Unravelling the rice genome

Two research groups provide the first detailed blueprint of a food crop, opening new vistas in comparative plant biology.

THE April 5 issue of the journal Science carried two research papers that mark a milestone in plant biotechnology. Two research groups, one Chinese and the other from a Swiss agrobiotechnology giant Syngenta, respectively published draft sequences of the complete genetic code, or genome, of two subspecies of rice (Oryza sativa), the staple food of over three billion people, chiefly from Asia and the Asia-Pacific. The two sequences represent works in progress, in the sense that they have errors and are incomplete. But they provide the first detailed genetic blueprint of a food crop. These efforts "will be the first sequencing projects to yield tangible results for humankind from the standpoints of food security and combating malnutrition," wrote Ronald P. Cantrell of the International Rice Research Institute (IRRI) and Timothy G. Reeves of the International Maize and Wheat Improvement Centre (CIMMYT) in a commentary in the same issue of the journal.

The Chinese team comprising scientists from 11 Chinese institutions and led by Jun Yu of Beijing Genomics Institute (BGI), a publicly funded institute established in 1999, and the University of Washington Genome Centre unveiled the genomic sequences of the rice subspecies indica, consumed predominantly in China and India. The Syngenta team, which included scientists from Myriad Genetics Inc., another private biotech company, and was led by Stephen A. Goff of Syngenta, unveiled the sequences of the code for the other major subspecies japonica, which is popular in Japan and other countries with a temperate climate. Syngenta had announced in January 2001 that it had completed the sequencing of the rice genome but did not publish the data then (Frontline, March 2, 2002). The rapid progress made by the BGI, which has taken less than two years to sequence the indica genome prompting Science to call China a sequencing superpower, may have driven Syngenta to release its sequence data now.

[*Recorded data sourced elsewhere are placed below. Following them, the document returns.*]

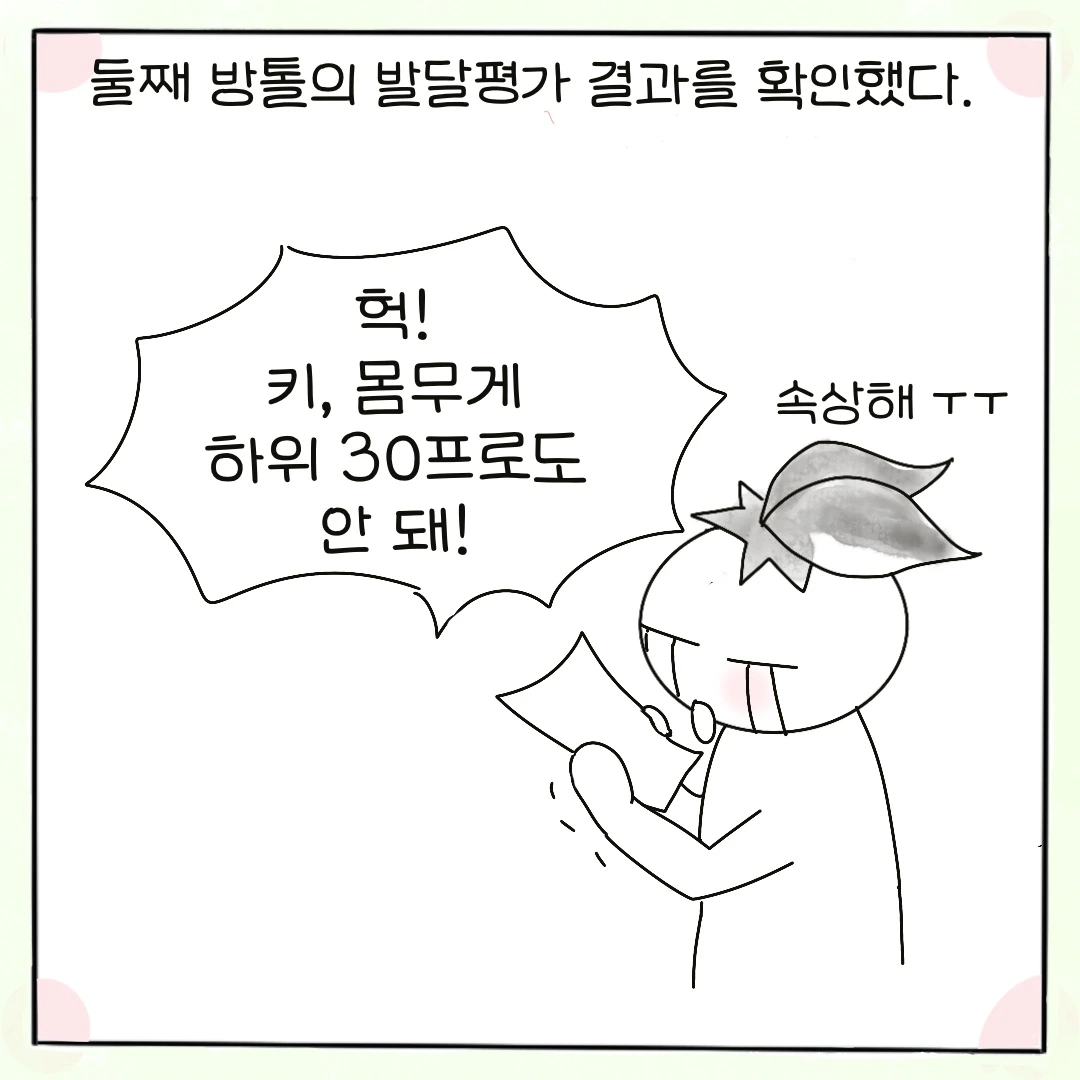 방톨은 키, 몸무게가 하위 30프로도 안 되었고 유치원 안에서 아이들 중에서는 거의 꼴찌였다.
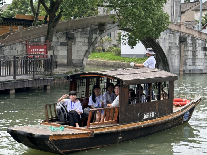 位于青浦區(qū)的金澤古鎮(zhèn),是典型的江南魚米水鄉(xiāng)。鎮(zhèn)上至今還保存著宋元明清所建的七座古橋梁。營員們來到金澤古鎮(zhèn),在云煙氤氳中體驗(yàn)江南的水鄉(xiāng)文化,在煙波浩渺中感受傳統(tǒng)手工工藝的魅力。搖櫓起行,水波搖動,營員們坐在古色古香的小舟上,領(lǐng)略兩岸風(fēng)光,盡賞古橋風(fēng)韻。游船上,營員們紛紛拿出手機(jī)拍照留影。
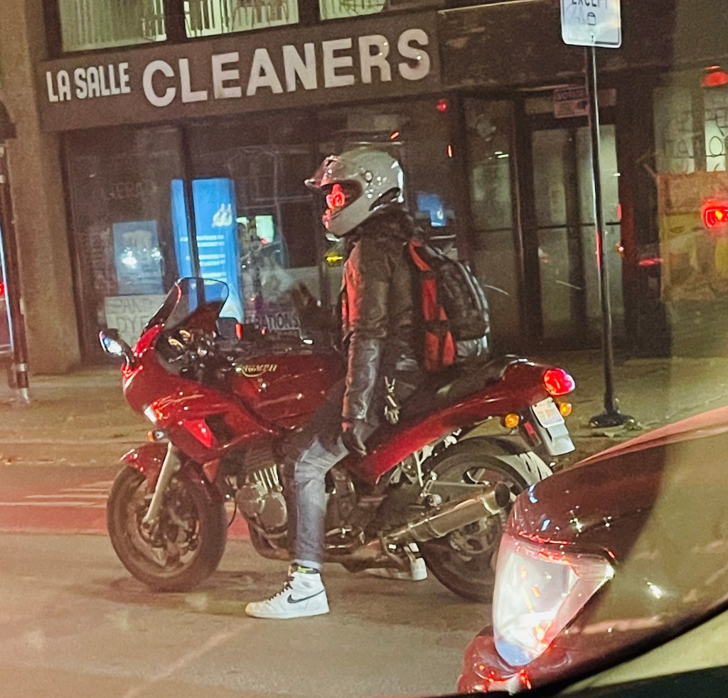 Spied on Chicago Avenue this evening. A solid machine being enjoyed on a balmy November evening. It had a pleasant throaty rumble. Nike basketball boots are period perfect too!
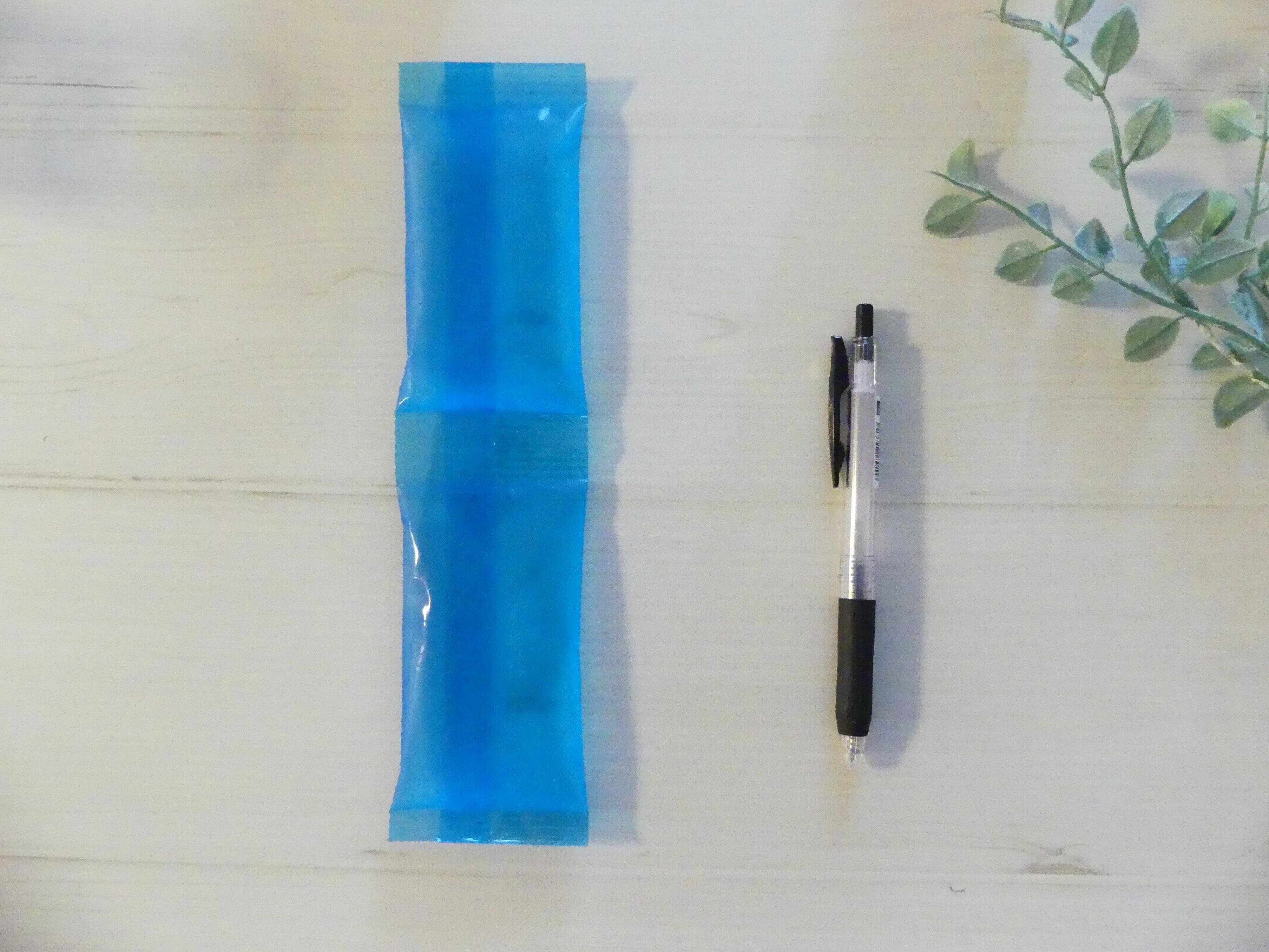 こちらの商品を冷凍庫に入れて冷やしておくと、ひんやり冷たくなるアイスジェルです。見た目は、細長い保冷剤ようですよね。しかし、触り心地は保冷剤と違って、カチカチになりにくく、やわらかいままなので首回りに巻けるようになっています。

The publication has, in some sense, stolen a march over the ongoing publicly funded International Rice Genome Sequencing Project (IRGSP), a consortium effort by 10 participating countries (which includes China) to map precisely and sequence the rice genome completely (see chart). The effort is expected to come out with its highly accurate draft sequence by end of this year. This draft - called Phase 2 - will have all the sequences, read with an accuracy of 99.99 per cent, genetically aligned as well as correctly oriented. The final finished sequence, with few gaps or errors, is expected to be completed by 2005, three years ahead of the original time-table. The genome sequences of Syngenta and BGI are akin to Phase 1 but without the necessary information to go to the next phases.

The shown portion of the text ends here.